Okay so this week I'm posting two pages because I didn't happen to have the original inked version of page six so I went with an earlier version, this was from 2002. Note the difference between the fonts and the zipatone styles between the first page and this page, from 2019.
There are a bunch of different export settings for zipatone stuff in Clip Studio. The thing is, if I make a web-friendly version of the page then the zipatone dots all get put together in a gray mass. If I keep the zipatone then the file is like 40,000 KB. If I reduce the size of the image and scale the zipatone down to match the new image size, then the dots get big and it looks bad.

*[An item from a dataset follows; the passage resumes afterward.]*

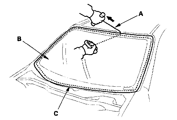 7. With a helper on the outside, pull the piano wire (A) back and forth in a sawing motion. Hold the piano wire as close to the windshield (B) as possible to prevent damage to the body and dashboard. Carefully cut through the rubber dam and adhesive (C) around the entire windshield.

Ah well, I'll figure this out soon.
I'll mention that that stuff in this week's post, page seven panel four where he says "Distant about three degrees", some have hypothesized that Blake was talking about France as viewed from his vantage point in London. William Blake published the Marriage of Heaven and Hell in 1790 and the French Revolution had started in 1789 or so. But I don't know, and actually no one does. It's very tempting to look closer at these lyrics and try to figure out what William Blake MEANT by them, but the meaning is in the words themselves, not in what someone else says about them.